Since in vitro metal reconstitution was not successful for the human enzyme, we attempted to add zinc ions to the M9 medium at various concentrations prior to induction of the cells. The enzyme isolated in this set of experiments contained different amount of naturally incorporated zinc ion during protein synthesis. Fig. 1 shows that the activity of hACMSD is proportional to the zinc content of the enzyme. These results suggest that hACMSD is a zinc-dependent metalloenzyme. Zn-hACMSD yielded steady-state kinetic parameters similar to those of Zn2+-containing pfACMSD.31 A kcat value of 4.8 s−1 was measured for hACMSD with 64.4% zinc ion occupancy. This value is anticipated to be 7.5 s−1 with a fully-loaded zinc ion. The Km (5.8 μM) and the kcat (7.5 s−1) values of hACMSD are comparable to the Km (9.6 μM) and the kcat (6.5 s−1) reported for Zn-pfACMSD with ca. 80% zinc occupancy.31

Figure 1.

Figure 1

The specific catalytic activity of hACMSD as a function of Zn content in the protein. The variation of Zn content was achieved by growing cells in M9 minimum medium supplemented with 0 – 500 μM concentrations of ZnCl2.

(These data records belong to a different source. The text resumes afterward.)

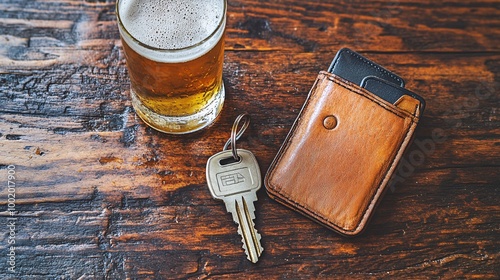 The watermark will not be included on Wall mural.: Set of car keys on a table next to a drink and a wallet highlighting the risks and consequences of d
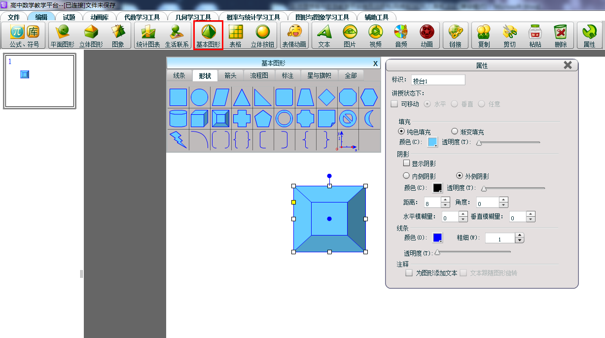 单击“图形”按钮,出现“基本图形”菜单。单击菜单中的图形,然后在页面上进行左键拖拽操作,即可画出对应的图形。
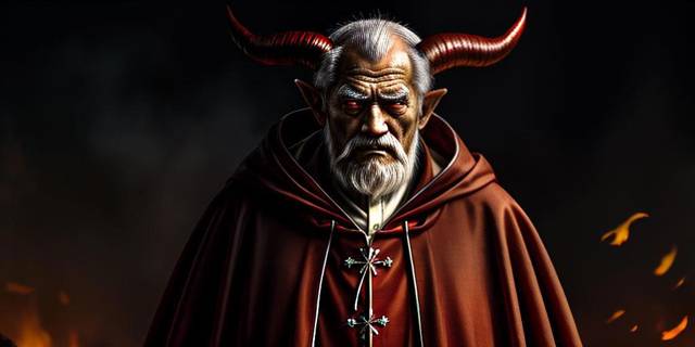 В мгновение ока фигура Вилиса вырастает по сравнению с изначальной вдвое. Белая хламида, в которую он одет, будто пропитывается кровью, превращаясь в багровую мантию. Кожа сереет, а по обеим сторонам головы проклëвываются красные бычьи рога. Между их острых, направленных друг на друга концов, вспыхивает огненный сгусток.
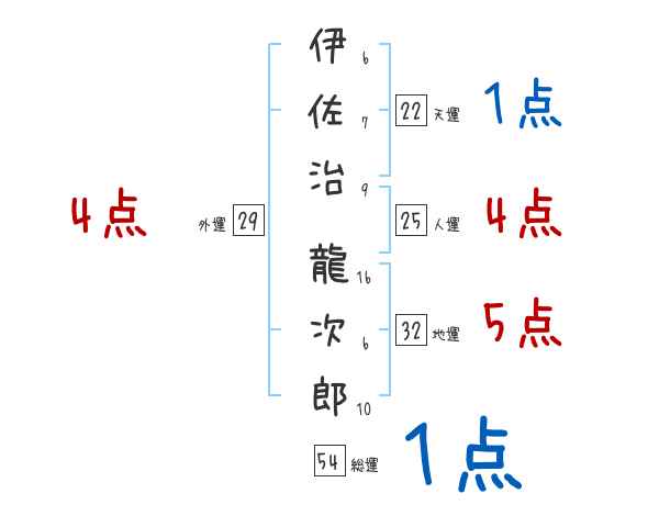 伊佐治龍次郎さんの画数の鑑定結果
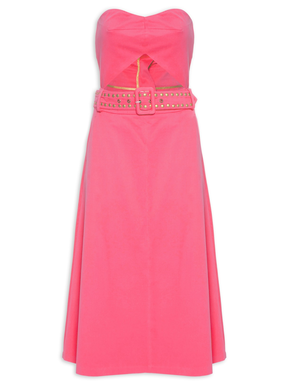 O vestido rosa é confeccionado em tecido encorpado. A peça de modelo tomara que caia possui decote coração, recorte na altura da cintura com passantes aplicados, pences posteriores, bolsos frontais, comprimento midi, caimento reto, acabamento pespontado e fechamento posterior por zíper.
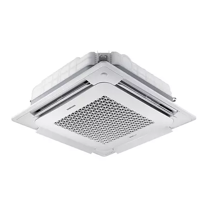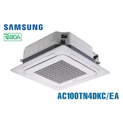 Exquisite, compact design suitable for modern ceilings and interior architectures. Cooling capacity 36000BTU (4.0HP) suitable for area 50 - 54 m. Clean, environmentally friendly refrigerant Gas R410A. Stylish and clean design. Uses Digital Inverter technology to save energy by automatically adjusting the compressor and continuously adapting to the surrounding environment. This superior performance provides comfortable cooling and reduces energy consumption by up to 60%. Intelligent 4-way louver design, disperses strong airflow evenly throughout the room. Users can independently control the four flaps and choose the settings according to their needs for comfort and convenience. Feature Stay cool without direct wind WindFree™ WindFree™Cooling effectively maintains a comfortable level of coolness without the unpleasant feeling of cold wind.Cool air is gently dispersed through 15,672 micro air holes, so you won’t feel too hot or cold. Energy saving with WindFree™ Cooling Energy Saving WindFree™ Cooling allows efficient energy saving up to 55%. Wider cooling range Big Blade Big and optimized blades enable even wider cooling range. Optimized operation by MDS Motion Detect Sensor Motion Detect Sensor enables customized air flow and energy effcient operation. Specification Type: 10kW-1Φ-4Way Indoor Unit: AC100TN4DKC/EA Outdoor Unit: AC100TXADKC/EA Mode: COOLING ONLY Cooling [kW]: 3.0 / 10.0 / 12.0 kW Current Input (Nominal) Cooling 1: ) 3.0/14.8/20.4 A Power MCA [A]: 26.0 A MFA [A]: 30.0 A EER (Nominal Cooling): 3.20 Piping Connections Liquid Pipe (Φ, mm): 9.52 mm Liquid Pipe (Φ, inch); 3/8" Gas Pipe (Φ, mm): 15.88 mm Gas Pipe (Φ, inch): 5/8" Installation Max. Length [m]: 50 m Installation Max. Height [m]: 30 m Field Wiring Transmission Cable: 0.75↑ Refrigerant Type: R410A Control Method: EEV Factory Charging (kg): 3.00 kg Power Supply (Indoor Unit) [Φ, #, V, Hz] 1,2,220-240,50 Fan Type: Turbo Motor (Output) [W]: 97 W Number of Unit (EA): 1 EA Air Flow Rate (High / Mid / Low) [CMM]: 30.3/24.3/19.4 CMM Drain Drain Pipe (Φ,mm): VP25 (OD 32,ID 25) Sound Sound Pressure (High / Mid / Low) [dB(A)]: 43/38/33 dBA External Dimension (Indoor Unit) Net Weight: 20.0 kg Shipping Weight (kg): 23.5 kg Net Dimensions (WxHxD) (mm): 840 x 288 x 840 mm Shipping Dimensions (WxHxD) (mm): 898 x 357 x 898 m Panel Size Panel model: PC4NUFDAN Panel Net Weight (kg): 6.3 kg Shipping Weight (kg): 8.7 kg Net Dimensions (WxHxD) (mm): 950 x 48 x 950 mm Shipping Dimensions (WxHxD) (mm): 1010 x 117 x 1000 mm Additional Accessories Drain Pump: Built in Drain Pump Max. Lifting Height/Displacement: 750 /24 Power Supply (Outdoor Unit) [Φ, #, V, Hz] 1,2,220-240,50 Compressor Type: Twin BLDC Rotary Model: UG8T300FUBJU Output(kW): 2.82 kW Oil (Type): POE Oil (Initial Charge) [cc]: 1200 cc Fan (Outdoor Unit) Air Flow Rate (Cooling) [CMM]: 76 CMM Sound (Outdoor Unit) Sound Pressure (Cooling / Heating) [dB(A)]: 53 dBA External Dimension (Outdoor Unit) Net Weight: 71.0 kg Shipping Weight (kg): 76.0 kg Net Dimensions (WxHxD) (mm): 940 x 998 x 330 mm Shipping Dimensions (WxHxD) (mm): 995 x 1096 x 426 mm
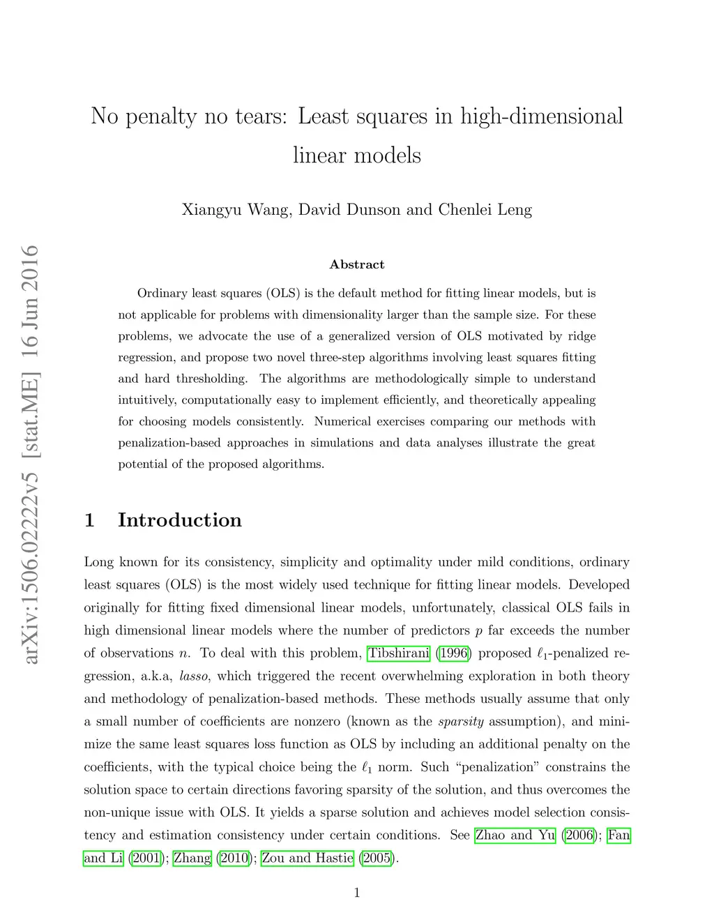 Ordinary least squares (OLS) is the default method for fitting linear models, but is not applicable for problems with dimensionality larger than the sample size. For these problems, we advocate the use of a generalized version of OLS motivated by ridge regression, and propose two novel three-step algorithms involving least squares fitting and hard thresholding. The algorithms are methodologically simple to understand intuitively, computationally easy to implement efficiently, and theoretically appealing for choosing models consistently. Numerical exercises comparing our methods with penalization-based approaches in simulations and data analyses illustrate the great potential of the proposed algorithms.
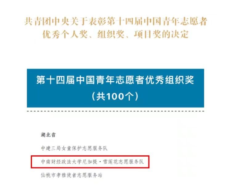 服务队先后荣获全国最佳志愿服务组织、湖北省学雷锋活动示范点、湖北省“本禹志愿服务队”示范团队等称号,承担中央五部委“全国大学生民汉双语志愿服务团(米兰电竞·(中国区))”建设任务。服务队项目多次荣获中国青年志愿服务项目大赛银奖、湖北青年志愿公益项目大赛金奖等荣誉,多次受到新华社、《人民日报》、《光明日报》等媒体报道。
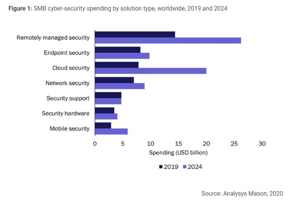 Analysys Mason prevede che la spesa delle piccole e medie imprese (PMI) per la sicurezza informatica (inclusi hardware, software e servizi) in tutto il mondo crescerà a un CAGR del 10% tra il 2021 e il 2024, diventando un mercato da 80 miliardi di dollari in quattro anni.
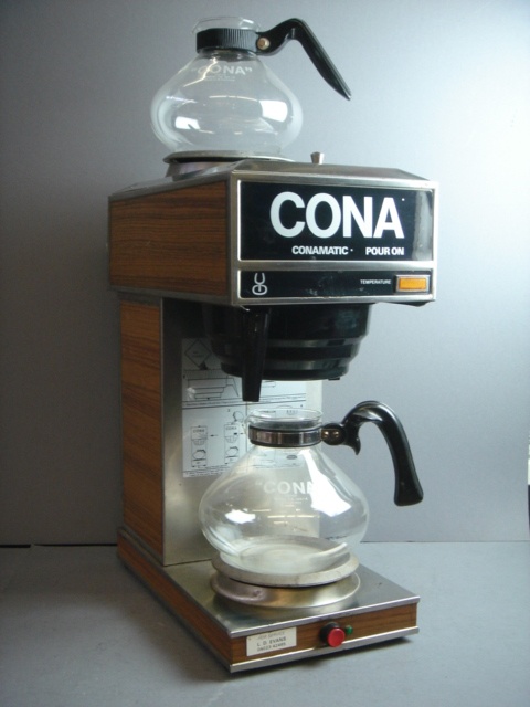 LARGE CONA COFFEE MACHINE FAUX WOOD FINISH WITH TWO PYREX COFFEE JUGS 51 CM HIGH
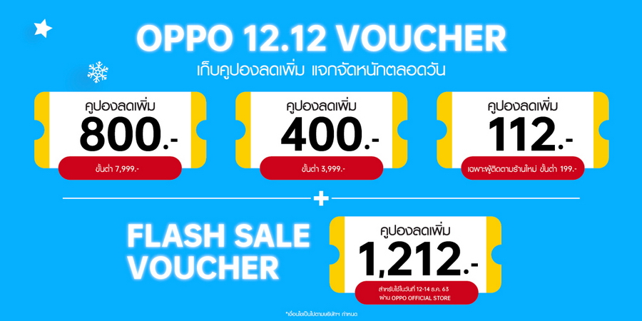- Flash Sales Voucher แจกคูปองพิเศษตามช่วงเวลาที่กำหนดใน Lazada และ Shopee โดย 12:00 ของวันที่ 7-11 ธันวาคม 2563 แจกคูปองส่วนลด 1,212 บาท เมื่อซื้อขั้นต่ำ 8,999 บาท กับทุกสินค้าภายใน OPPO Official Store ใช้ได้เฉพาะวันที่ 12 ธันวาคม 2563 เท่านั้น และ เฉพาะเวลา 0:00, 9:00, 12:00, 18:00 และ 20:00 ของวันที่ 12 ธันวาคม 2563 แจกคูปองส่วนลด 1,212 บาท เมื่อซื้อขั้นต่ำ 9,999 บาท กับทุกสินค้าภายใน OPPO Official Store และใช้ได้เฉพาะวันที่ 12 ธันวาคม 2563 เท่านั้น
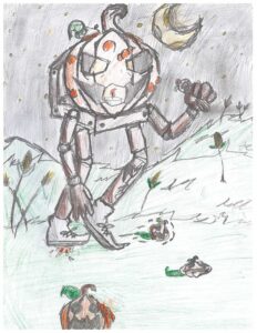 Artwork - 2nd Place: “The Great Pumpkin’s Rampage” by Lyric Boyd, Hamilton Middle School.
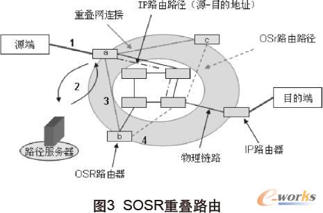 圖3描述了SOSR重疊路由的一個(gè)典型實(shí)現(xiàn)過(guò)程,圖中OSR路由器通過(guò)VR軟件模塊提供VR,這些VR處于網(wǎng)絡(luò)邊緣,能夠利用普通IP路由協(xié)議接收隧道和普通IP路由轉(zhuǎn)發(fā)的外部網(wǎng)絡(luò)的數(shù)據(jù)報(bào)文。某個(gè)源端試圖發(fā)送具有一定約束條件的數(shù)據(jù)到目的端時(shí)(圖中1),首先建立一個(gè)到OSR路由器(圖中a)的VL,然后向a發(fā)送一個(gè)信令,a收到該信令后即向路由服務(wù)器查詢(圖中2),找到符合該約束條件的能夠?qū)?bào)文轉(zhuǎn)發(fā)到目的端的中間節(jié)點(diǎn)OSR路由器(圖中b,b可以有多個(gè)),隨后a立即與b建立隧道(圖3)最后b采用傳統(tǒng)IP路由方式把報(bào)文轉(zhuǎn)發(fā)到目的端(圖4)這一過(guò)程實(shí)際上建立了兩類虛擬重疊網(wǎng)路(VN),一類傳輸信令,一類傳輸數(shù)據(jù)。這兩個(gè)VN可以采取不同的VL機(jī)制。OSR路由器在網(wǎng)絡(luò)中的位置可以是任意的,其軟件安裝簡(jiǎn)單迅速,可以快捷的進(jìn)行部署和調(diào)整。這種方式可在源端和目的端構(gòu)建多條VL,使得VN不必依賴單一VL,提高VN的可靠性。同時(shí),通過(guò)合適的中間節(jié)點(diǎn)OSR路由器選擇,也便于進(jìn)行VN流量管理和基于網(wǎng)絡(luò)邊緣的性能控制。另外,VNP提供路徑服務(wù)器可以允許快速資源發(fā)現(xiàn),這極大的便利了VL實(shí)現(xiàn)和實(shí)時(shí)調(diào)整。
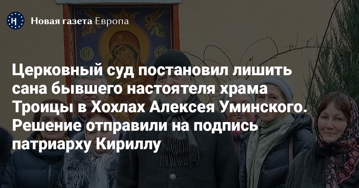 Церковный суд лишил сана бывшего настоятеля храма Троицы в Хохлах Алексея Уминского. Решение отправили на подпись патриарху Кириллу, сообщает «Новая газета».
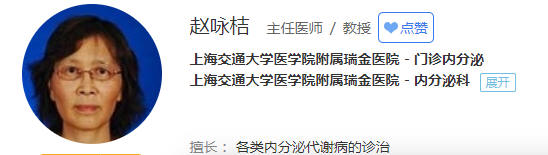 赵咏桔,女,主任医师,教授,博士研究生导师 上海第二医科大学附属瑞金医院老年病科(内分泌专业) 上海医学会内科学会委员 参与编写了《肾上腺疾病诊断与治疗学》、《医学营养学》、《现代免疫学检验与临床实践》等十余部专著
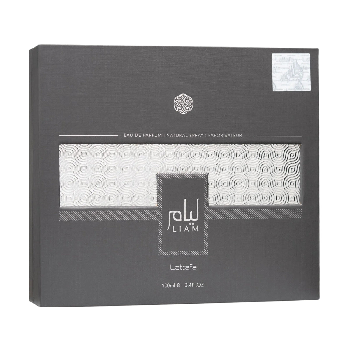 Liam by Lattafa is a sophisticated unisex Eau De Parfum featuring a blend of exotic spices and creamy woods. With top notes of cardamom, fig, and black tea, it transitions to a heart of iris, labdanum, and vetiver, finishing with a base of vanilla, sandalwood, tonka, and patchouli. Ideal for those seeking a luxurious and long-lasting fragrance.
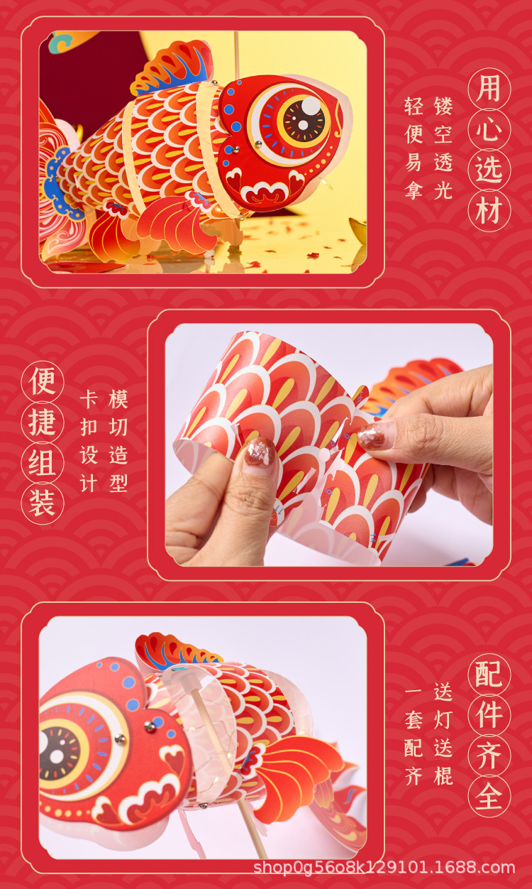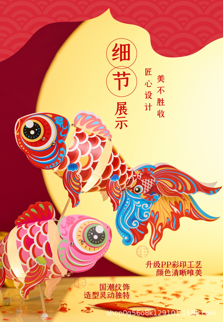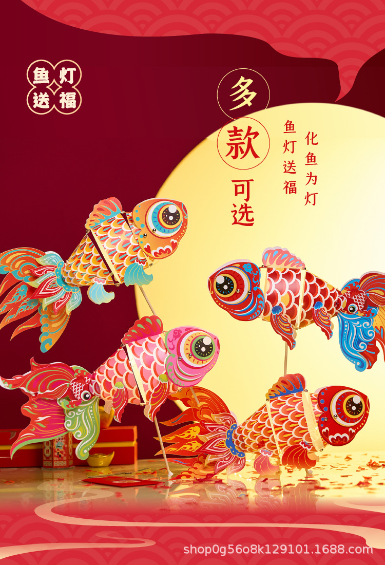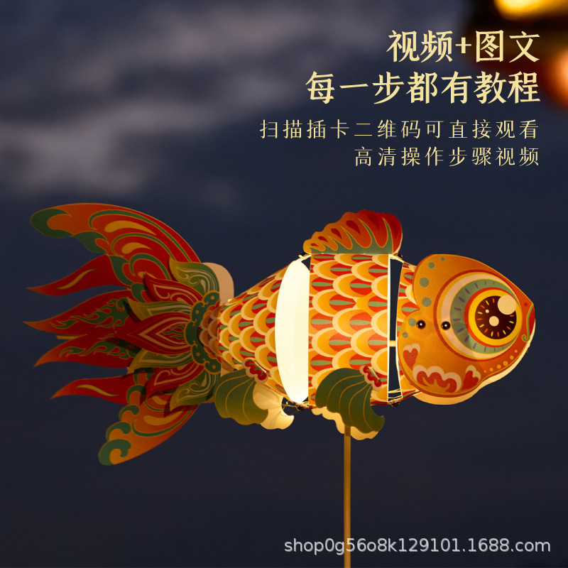 蛇年中秋节锦鲤鱼灯笼手工diy材料包国潮金鱼花灯古风手提小灯笼
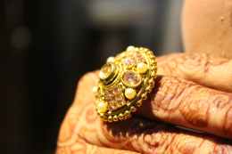 person wearing gold colored ring
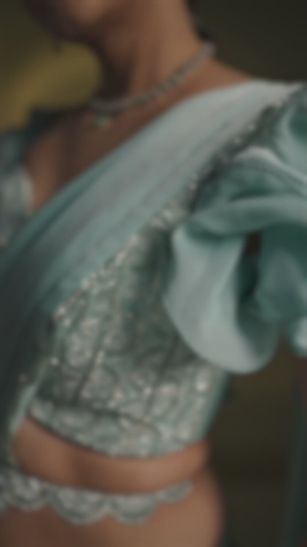 Light Turquoise Embellished Crepe Satin Silk Saree

When hACMSD was diluted from 800 μM to 200 nM, it lost 90% of activity after 4 h (Fig. 2). Since proteins prefer to form higher oligomer state at higher concentration, the hACMSD dimer will start to dissociate once its concentration drops. Losing catalytic activity after dilution implies that hACMSD is unlikely to be active in the monomeric state. Similar observations have been reported for the bacterial ACMSD.26

Figure 2.

Figure 2

The catalytic activity of hACMSD decays after dilution, indicating that hACMSD has better activity at higher oligomerization state. The relative activity of concentrated and diluted samples was measured under the same conditions as described in the text. The experimental data was fitted with first exponential decay (red line).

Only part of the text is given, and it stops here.